Gold hit a new all-time high as the dollar declined after the latest US economic data showed softer-than-expected growth at the end of last year.
Inflation-adjusted gross domestic product increased an annualized 2.3% in the fourth quarter after rising 3.1% in the prior three-month period, according to the government’s initial estimate published Thursday. The median forecast in a Bloomberg survey of economists called for a 2.6% growth.
The greenback declined after the report, sending bullion as much as 1.1% higher to $2,790.19 an ounce — surpassing its previous all-time high set in October. A weaker dollar makes bullion more appealing for investors holding other currencies as it’s priced in the US currency.
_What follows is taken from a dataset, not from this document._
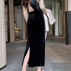 秋冬季真丝女丝绒厚款黑色气质桑蚕丝时尚开叉中长优雅包臀半身裙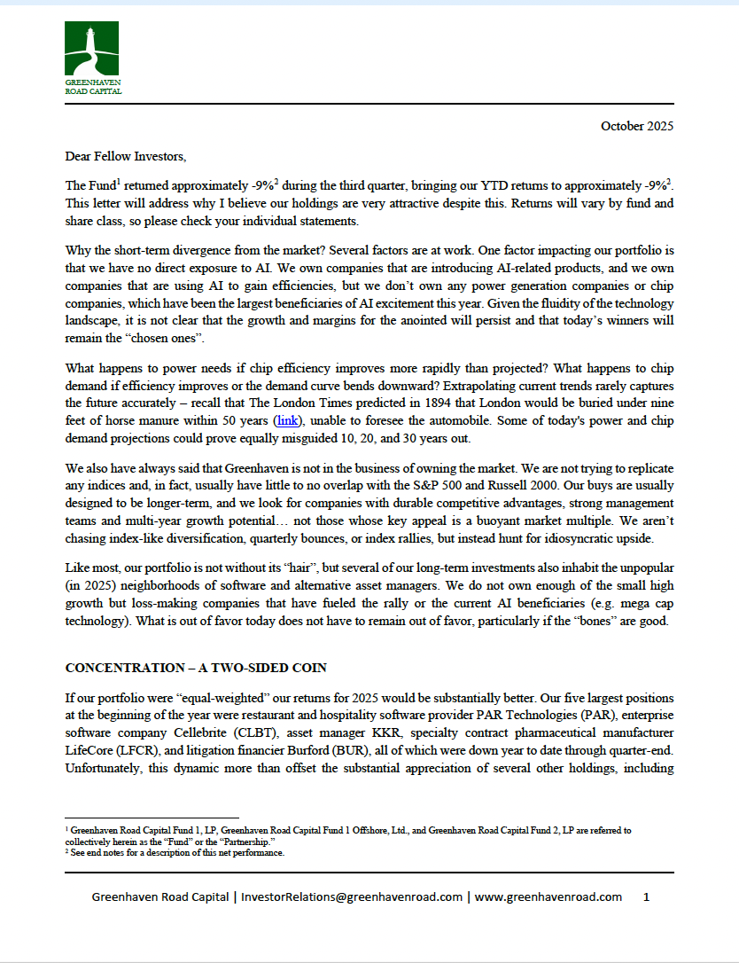 The investor letters outline the fund’s top holdings as well as highlight a recent investment or a current holding. The letters provide an overview of the holdings and the thought process behind specific investments. The letters are one of the best ways to conduct diligence on the fund. To learn more about the fund, or for a complete set of letters please click to –contact us.

The precious metal’s latest attempt to score a new high “most certainly occurred after the softer than expected GDP print which has softened the dollar further,” said Ole Hansen, head of commodities strategy at Saxo Bank A/S. “If softer growth and lower prices can be maintained, the door for additional cuts will be left wide open.” Lower rates typically benefit gold as it pays no interest.
Policymakers held rates steady at the conclusion of their first meeting of the year Wednesday, with Federal Reserve Chair Jerome Powell saying that officials won’t rush to lower rates as they are waiting to see further progress on inflation.
Spot gold rose 1% to $2,788.86 an ounce as of 10:19 a.m. in New York.